The end of an era

I thought it was appropriate to point out that my grandfather’s barn burned down last week.

Let me clarify. My grandparents both passed away in the mid 1990’s. At that point the farm was sold off. So, technically the barn hasn’t belonged to my family for a while.

In my heart, however, it will always be Grandpa’s barn.

Several members of my family had spent lots of time in that barn at one point or another. We’ve all milked cows, gathered eggs, fed calves, kicked around straw, and moved copious piles of animal manure in that barn. Goats, geese, chickens, cats, and cows lived entire lives in that gambrel building with the rough-hew posts and beams and the corrugated tin roof.

It was a class B milking barn, which meant Grandpa’s milk was used for cheese. His cows of choice were Swiss because they yielded a high milk fat and had a decent temperament (most of the time). He had a couple of Holsteins, but I recall they were always a bit skiddish and were hard to get the milkers on.

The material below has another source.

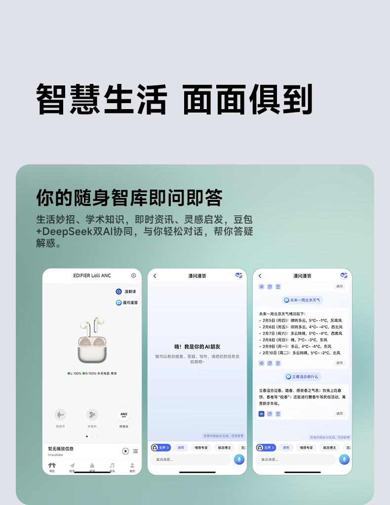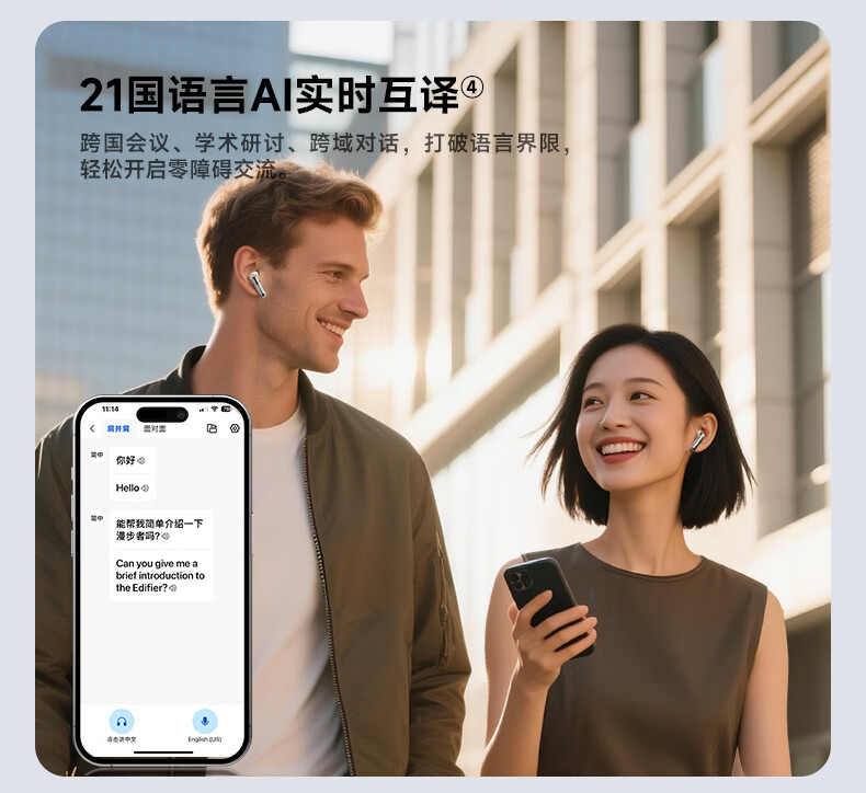 漫步者(EDIFIER)萝莉豆Lolli ANC半入耳降噪蓝牙耳机 翻译耳机 翻译机 适用苹果华为小米OPPO手机 星光金

The gutters were cement grooves in the floor. The cows never seemed to actually poop in them, so it was a crusade to pace behind the cows during milking to scrape the fresh piles away before the cows were let back outside. Usually they’d also poop on their way back out for good measure. Grandpa had one of those old fashioned poop cradles (that’s not a technical term, that’s just what it looked like to me) that ran the length of the barn on a track. A person would drag the cradle along and shovel poop into it and haul full loads out to the manure spreader at the end of the track. In the winter the tractor never seemed to want to start, so Grandpa would hook up his draft horses to the spreader to haul it out to the fields.

It was never an industrial operation, never more than fifty cows at the most. My Grandpa died of a heart attack at the kitchen table after cutting up a pig with a hacksaw. He left 20 milking cows in the barn at that time.

That barn will always be a symbol to me of an almost extinct way of life. Family farms are still around. All you have to do is attend a county fair to see that. But the farms that were self-sustaining with messes of kids and multi-colored cows set out to pasture are a good two generations gone. In my mind they’ll never be forgotten.